This is due to the new Group column for Bayesian models, which doesn't work nicely with insight::print_parameters(). I think we can just remove the special class for Bayesian models and treat it like any other model (regarding formatting/printing). I'm testing this in PR #825 - you can install from that PR and test some models for yourself and report any issues, if you like.
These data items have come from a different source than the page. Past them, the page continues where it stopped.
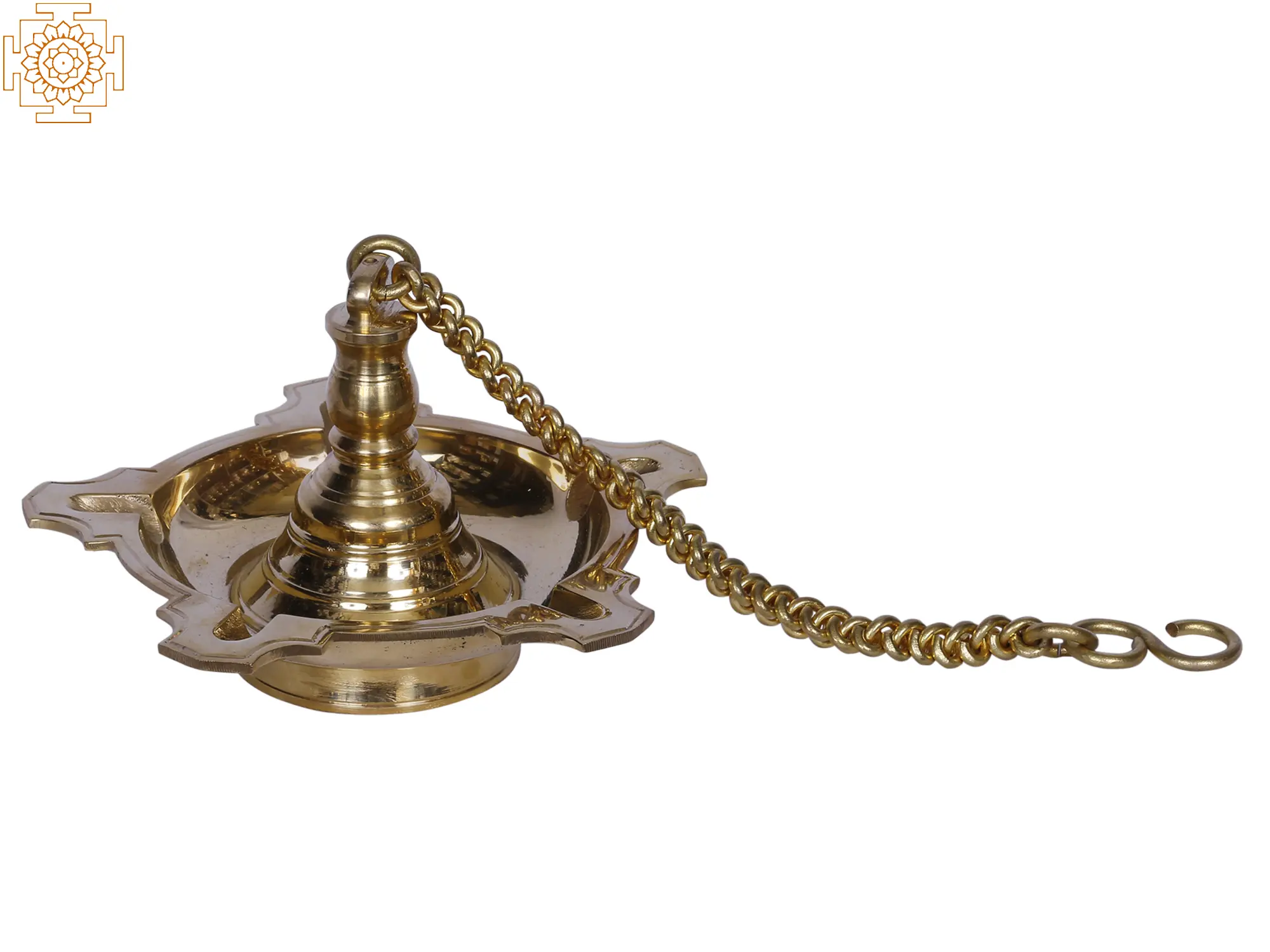 This brass hanging lamp is known as a Thooku Villaku and is intended to illuminate the land's surface. The round oil disc is usually carved with five sharp wicks. A lengthy interconnected chain with a hook secures it. These lamps are utilized for traditional lighting during festivals and are hung from the columns and beams of temple verandahs. These lamps are deemed auspicious and can be lit regardless of religious celebrations.
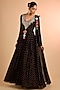 Featuring a a black anarkali in georgette base with floral embroidery with an attached dupatta. Accentuate it with kundan polki earrings, a clutch and metallic heels for a stylish ensemble, ideal for festive occasion, cultural celebrations or sangeet ceremonies.
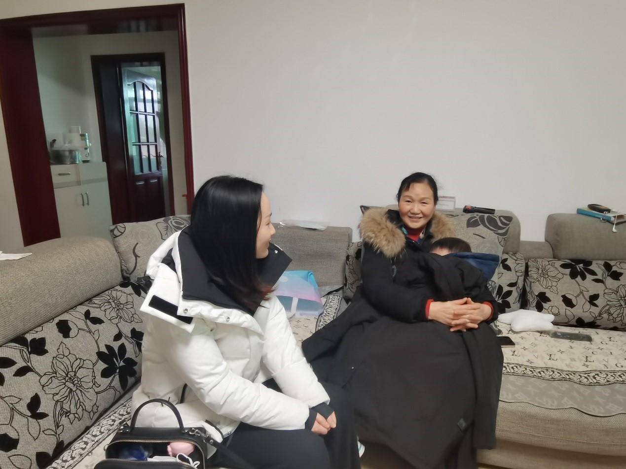 在四川成都,20級輔導員袁桔來到困難生劉同學家,向其媽媽傳達了劉同學獲得國家勵志獎學金的喜報,交流了劉同學在求職過程中的困擾,向他們講述了相關的就業政策,并表示自己會鼓勵小劉積極求職,持續開展就業指導和心理疏導工作,做好同學們的職場引路人。
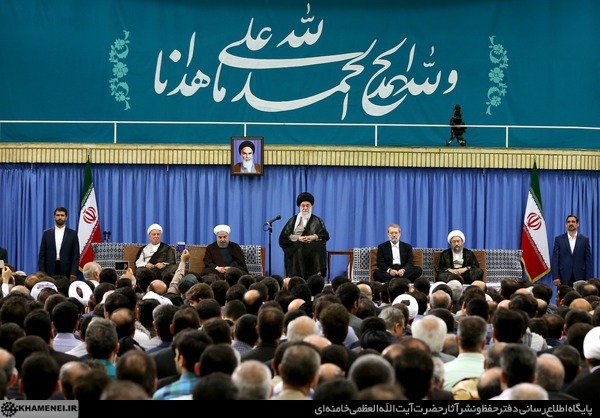 ۱) در ابتداى این دیدار -که بهمناسبت عید سعید فطر برگزار شد- حجّتالاسلام والمسلمین حسن روحانى (رئیس جمهور) مطالبى بیان کرد.

strengejacke commented 1 year ago

Current state of the PR:

library(parameters)
library(brms)
library(lme4)

data(sleepstudy)
model1 <- lmer(Sepal.Width ~ Petal.Length + (1 | Species), data = iris)
model_parameters(model1, effects = "all")
#> # Fixed Effects
#> 
#> Parameter    | Coefficient |   SE |       95% CI | t(146) |      p
#> ------------------------------------------------------------------
#> (Intercept)  |        2.00 | 0.56 | [0.89, 3.11] |   3.56 | < .001
#> Petal Length |        0.28 | 0.06 | [0.16, 0.40] |   4.75 | < .001
#> 
#> # Random Effects
#> 
#> Parameter               | Coefficient |   SE |       95% CI
#> -----------------------------------------------------------
#> SD (Intercept: Species) |        0.89 | 0.46 | [0.33, 2.43]
#> SD (Residual)           |        0.32 | 0.02 | [0.28, 0.35]
#> 
#> Uncertainty intervals (equal-tailed) and p-values (two-tailed) computed
#>   using a Wald t-distribution approximation. Uncertainty intervals for
#>   random effect variances computed using a Wald z-distribution
#>   approximation.

model2 <- suppressWarnings(brm(Sepal.Width ~ Petal.Length + (1 | Species), data = iris, refresh = 0))
model_parameters(model2, effects = "all")
#> # Fixed Effects
#> 
#> Parameter    | Median |       95% CI |     pd |  Rhat |     ESS
#> ---------------------------------------------------------------
#> (Intercept)  |   1.99 | [0.48, 3.55] | 98.98% | 1.009 |  825.00
#> Petal.Length |   0.28 | [0.16, 0.41] |   100% | 1.002 | 1924.00
#> 
#> # Sigma
#> 
#> Parameter | Median |       95% CI |   pd |  Rhat |     ESS
#> ----------------------------------------------------------
#> sigma     |   0.32 | [0.28, 0.36] | 100% | 1.003 | 2188.00
#> 
#> # Random Effects Variances
#> 
#> Parameter               | Median |       95% CI |   pd |  Rhat |     ESS
#> ------------------------------------------------------------------------
#> SD (Intercept: Species) |   1.21 | [0.49, 3.48] | 100% | 1.003 | 1113.00
#> 
#> Uncertainty intervals (equal-tailed) and p-values (two-tailed) computed
#>   using a MCMC distribution approximation.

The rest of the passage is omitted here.